L’Italia e l’IT trasformation

L’Italia e l’IT trasformation
6 ottobre 2015 Carlo Testa

Durante la sedicesima edizione del Forum IT, si è fotografato uno spaccato dello stato di salute dell’IT nel nostro Paese e delle tendenze in atto in termini di innovazione e opportunità di crescita. I dati sono incoraggianti. Si parla di un mercato italiano in crescita a due cifre, attestato a 1,463 miliardi di euro, con un +13,4 per cento anno su anno, quasi il doppio della media europea. Parliamo di distribuzione, naturalmente, e in questo ambito, e sempre relativamente al panel d riferimento, sono le Tlc a fare la parte del leone.

Grazie agli smartphone mettono a segno un +112 per cento, seguite dalle soluzioni per datacenter, networking e sicurezza, che crescono del 27 per cento, dai server, con un +16 per cento. Decisamente più modeste le crescite sul versante software, con un contenuto +2%. È uno scenario in completa trasformazione, nel quale nuovi paradigmi di fatto influenzano i comportamenti di acquisto delle imprese e dei privati. Il ruolo dei partner che operano in questo settore è chiaro: “convincere i clienti che è necessario innovare per crescere, tenendo conto dei loro bisogni di risparmio, ma anche delle loro necessità”.

E questo ruolo di supporto alla crescita dei propri clienti, si ricava investendo, ad esempio in ambiti strategici, dall’ERP al datacenter fino ai servizi altamente qualificati in ambiti enterprise. Si potrebbe dire ironicamente che: “dopo anni in cui le imprese hanno continuato a tagliare e risparmiare, oggi devono necessariamente tornare a investire”. Oggi molte aziende, malgrado la situazione complessiva resti difficile sotto il profilo finanziario, continuano ad investire nell’IT”.

Il rischio è che per mantenere e manutenere l’esistente, resti sempre meno budget dell’innovazione. La chiave è identificare le nuove componenti tecnologiche che consentono di innovare pur spendendo meno. Si parla dunque di virtualizzazione dell’infrastruttura di rete, in direzione Software Defined Networking (SDN) e Network Functions Virtualization (NFV). Un certo numero di imprese, purtroppo ancora piccolo, ha colto il momento di trasformazione.

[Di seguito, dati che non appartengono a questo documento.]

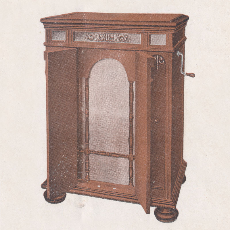 マーヴェル最高の製品でありまして堂々3平方尺に亘るラッパ口から流れ出る音の如何に荘厳で芸術味が溢れているか……本品御所有者は永久に限りない音楽の楽園に遊び東西古今の大芸術家に呼びかけることのできる幸福を感じられるのでありましょう。そして渋く精巧を極めた古典的の彫刻を施したダークマホガニーの落ち着いた外装と金色燦爛たる音管、同回転盤其の他の金具との対照の妙に至っては嘆賞に辞なく、応接室に広間に、集合書に講堂に本品の1台は如何に精彩を添え品位を高めることでありましょう。個人用としても多衆用としても備わらざるなき最高の機械であり又理想的の市なであります。
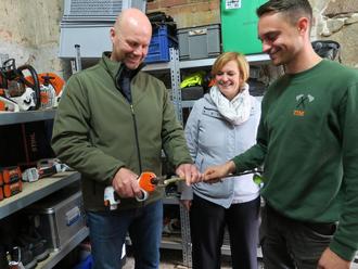 Mitmachen erlaubt: Tim Prowatschke (rechts) zeigt Wirtschaftsförderin Franziska Wölkerling und Bürgermeister Marco Babenz wie eine akkubetriebene Astschere funktioniert.
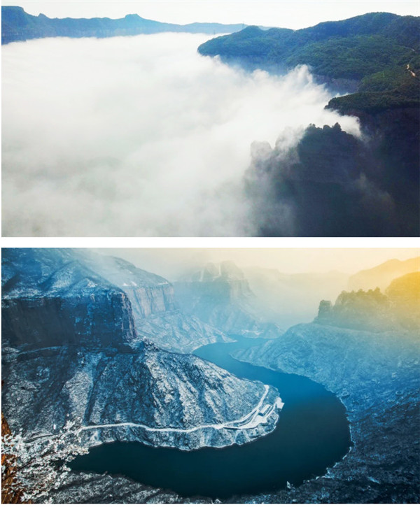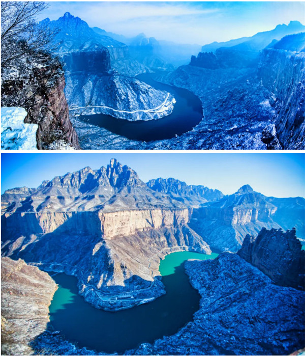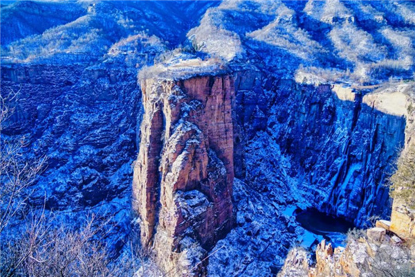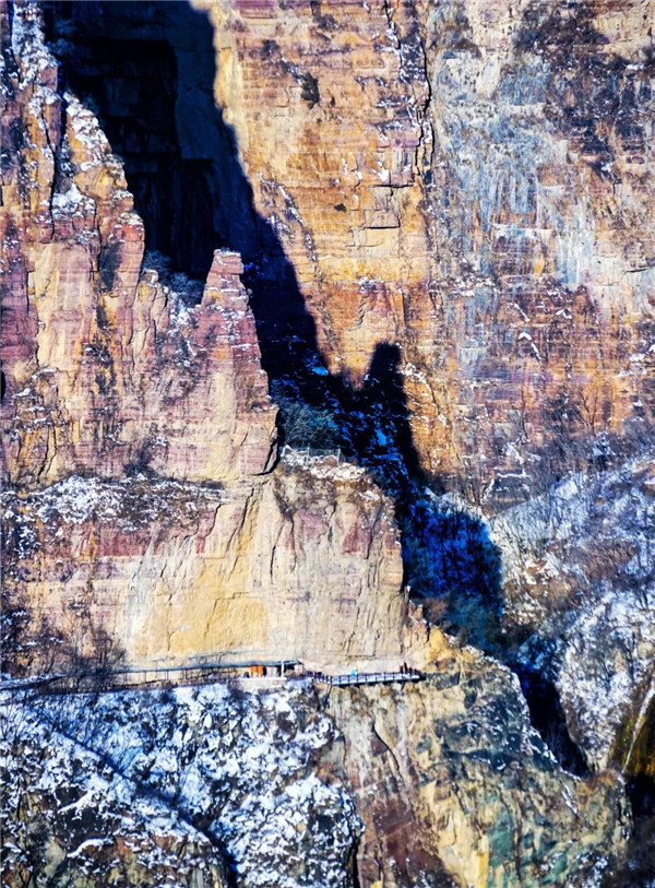 雪花飄落,遠觀山壁就好像漸漸的穿上了一件白色的棉襖,偶爾沒有被雪花覆蓋的地方,就像是露出衣服的皮膚,可能這是上天給太行山脈披上的新衣,為了迎接新的一年。
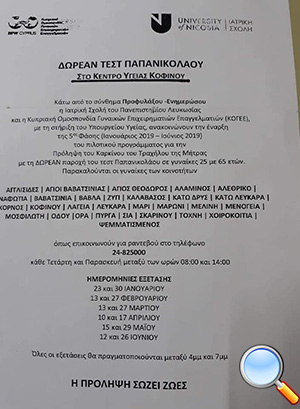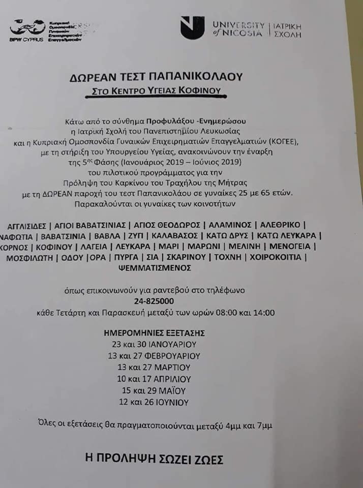 Δωρεάν Τέστ Παπανικολάου στο Κέντρο Υγείας Κοφίνου
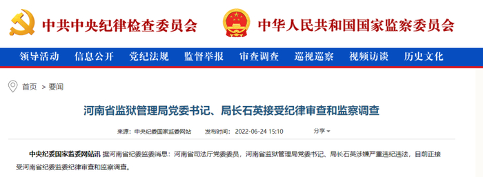 中央纪委国家监委网站6月24日讯,据河南省纪委监委消息:河南省司法厅党委委员,河南省监狱管理局党委书记、局长石英涉嫌严重违纪违法,目前正接受河南省纪委监委纪律审查和监察调查。
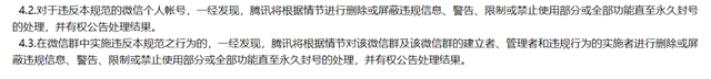 在微信群中实施违规行为的,“腾讯将根据情节对该微信群及该微信群的建立者、管理者和违规行为的实施者进行删除或屏蔽违规信息、警告、限制或禁止使用部分或全部功能直至永久封号的处理,并有权公告处理结果”。
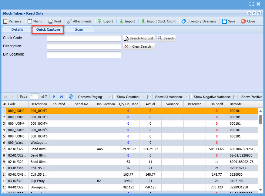 - Go to the Quick Capture tab, enter the matching stock code (must be the exact number not part) and enter the amount.

Queste imprese stanno andando benissimo. Peraltro, molte si sono aperte all’internazionalizzazione: chi produce prodotti sofisticati e appetibili fuori Italia, ha aperto all’estero mantenendo una forte presenza nel Paese. Parliamo però di un 20 per cento delle imprese italiane e purtroppo quasi tutte al Nord Ovest, poche nel Nord Est e quasi nessuna al Sud.

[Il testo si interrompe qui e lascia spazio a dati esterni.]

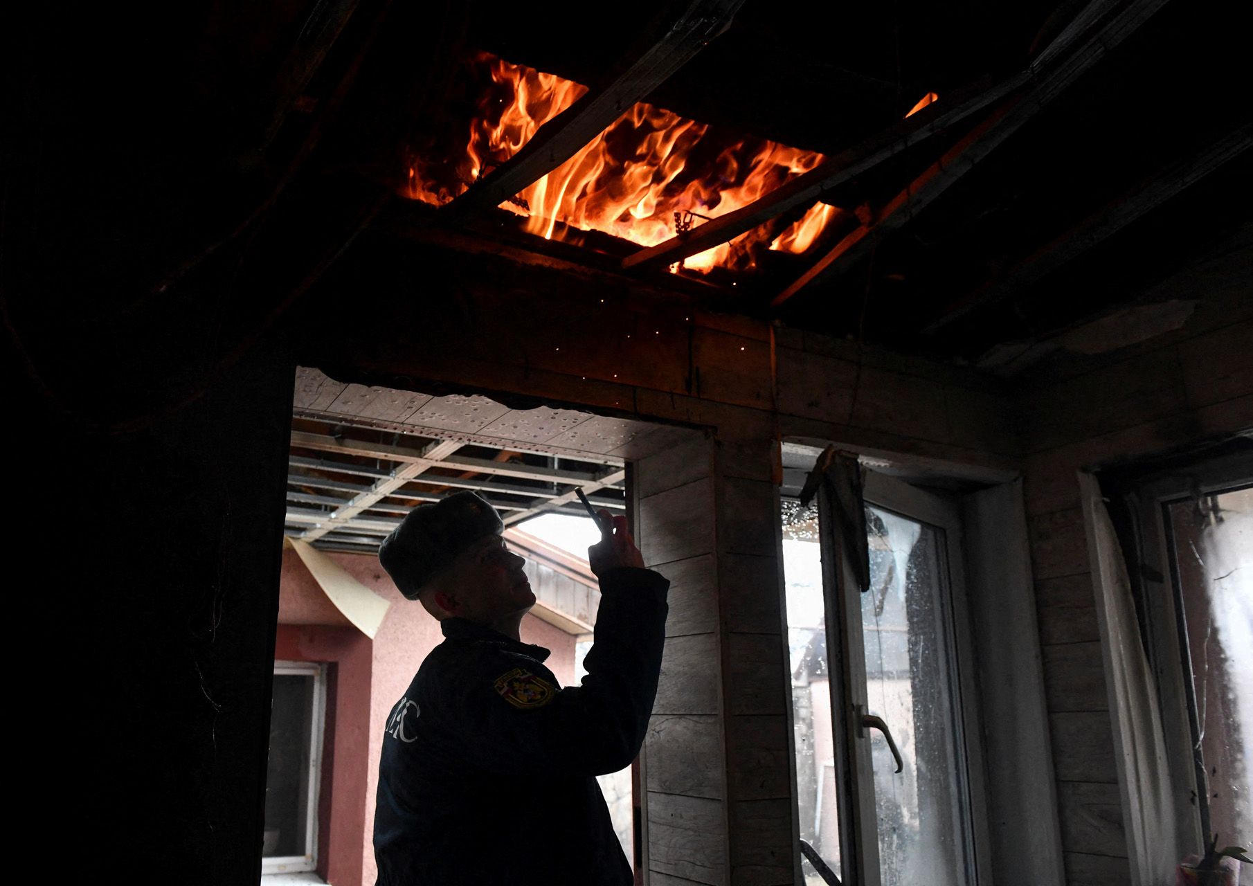 Alexander Ermochenko / Reuters / Scanpix / LETA Дети рядом с телом женщины, погибшей в результате обстрела Волновахи Донецкой области. Волноваха — город примерно в 50 километрах к югу от аннексированного Донецка. Через Волноваху проходят автомобильный и железнодорожный маршруты из Донецка в Мариуполь. Обстрел, в котором назначенные Кремлем местные власти обвинили ВСУ, произошел 13 марта. Помимо женщины на фотографии — Валентины Коваль, — погибла ее 18-летняя племянница Даниэлла. 13 марта 2023 годаReuters / Scanpix / LETA Цистерны с топливом, загоревшиеся после украинского обстрела в Буденновском районе Донецка. Глава оккупационной администрации ДНР Денис Пушилин сообщил, что в результате обстрела погибли два жителя, в том числе сотрудник МЧС, пострадали 12 человек. «Известия» сообщают, что среди раненых были трое журналистов издания. Также под обстрел попал фотокорреспондент ТАСС. 31 октября 2023 годаAlexander Ermochenko / Reuters / Scanpix / LETA Жительница Донецка после украинского обстрела 6 апреля. По данным властей оккупированного города, под удары попали Петровский и Куйбышевский районы. РИА Новости сообщали о пяти погибших. «Интерфакс» со ссылкой на управление Следственного комитета РФ в аннексированнойДНР писал о девяти погибших и семерых раненых. 6 апреля 2023 годаВалерий Мельников / Reuters / Scanpix / LETA Спасатель в жилом доме, поврежденном украинской ракетой во время обстрела Донецка 30 ноября. По данным РИА Новости, во время атаки пострадала мирная жительница. 30 ноября 2023 годаВалерий Мельников / Коммерсант / SIPA USA / Scanpix / LETA Многоквартирный жилой дом в Донецке, в который 19 декабря попала украинская ракета. «Известия» писали, что из-за удара с первого по девятый этаж дома загорелась газовая труба. По данным назначенного Кремлем мэра города Алексея Кулемзина, пострадали шестеро мирных жителей. 19 декабря 2023 года

Di fondo c’è anche un problema di atteggiamento mentale: le aziende hanno bisogno di persone capaci di mettersi davvero in gioco, aziende in grado di costituire una vera infrastruttura IT che tenga conto che l’interlocutore è cambiato. Gli imprenditori italiani sanno bene che gli investimenti nel sistema informativo devono essere fatti per il loro bene. C’è paura ma non chiusura. Sono disposti a soffrire se poi le cose funzionano: c’è bisogno di esempi positivi, non fermiamoci solo alle startup. Innovare fa paura, l’italiano per natura non è un innovatore, guarda con curiosità, capisce che ci sono opportunità, ma non si butta. Gli altri Paesi di fronte a nuove soluzioni hanno pipeline, fanno progetti.

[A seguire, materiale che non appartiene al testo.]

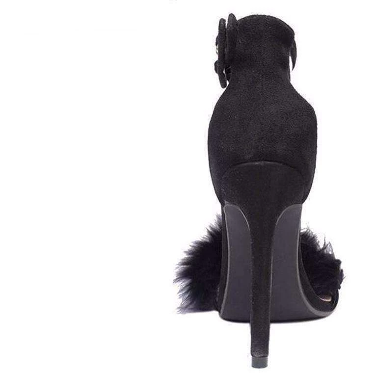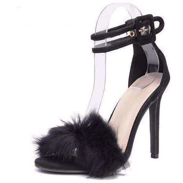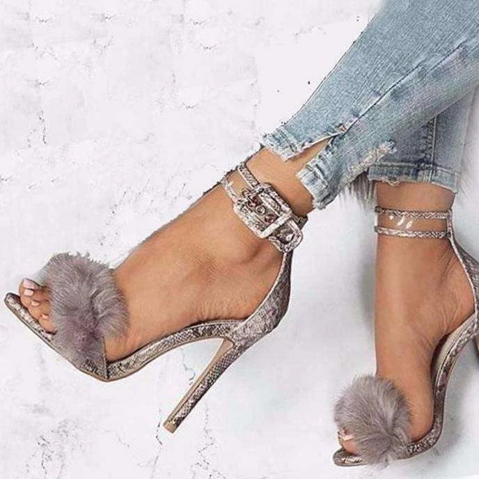 Simple heels with a furry foot strap and transparent ankle buckle strap.
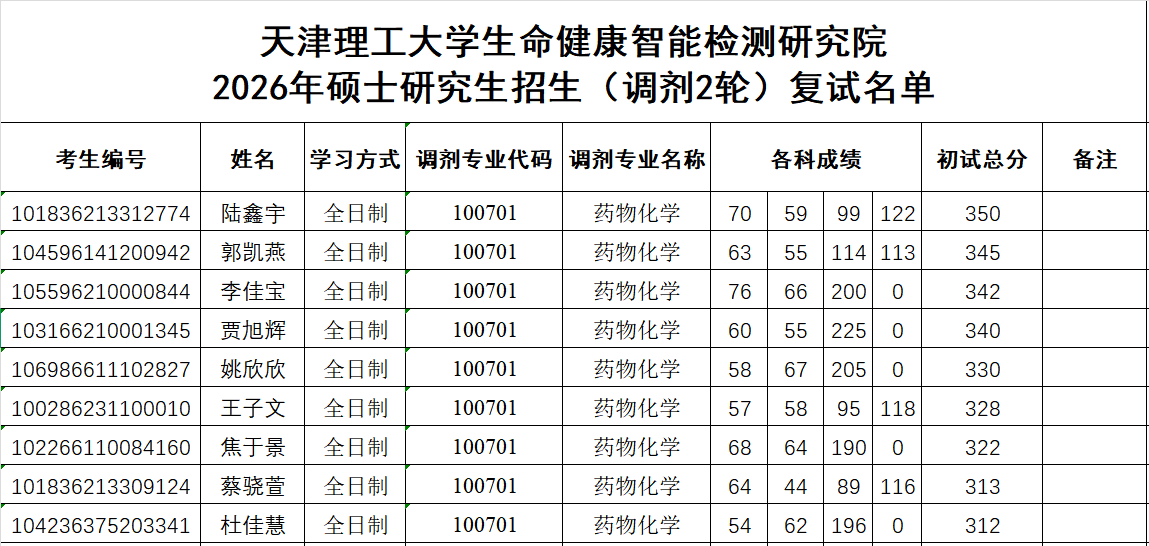 【2026年招生】---天津理工大学生命健康智能检测研究院2026年硕士研究生招生(调剂2轮)复试名单

A noi occorrono due anni per partire. La chiave di volta è far capire i vantaggi competitivi. Andiamo verso un mondo dove non si parla più di quanti dispositivi per utente, ma di migliaia, milioni di oggetti, con sistemi operativi e applicazioni tra le più disparate. Nell’IoT è importante che la sicurezza sia integrata nell’hardware e che si pensi a funzioni e scopi delimitati e definiti per ciascun oggetto connesso. È evidente che c’è spazio per nuove soluzioni e servizi, anche in modalità SaaS, in grado di gestire questa complessità.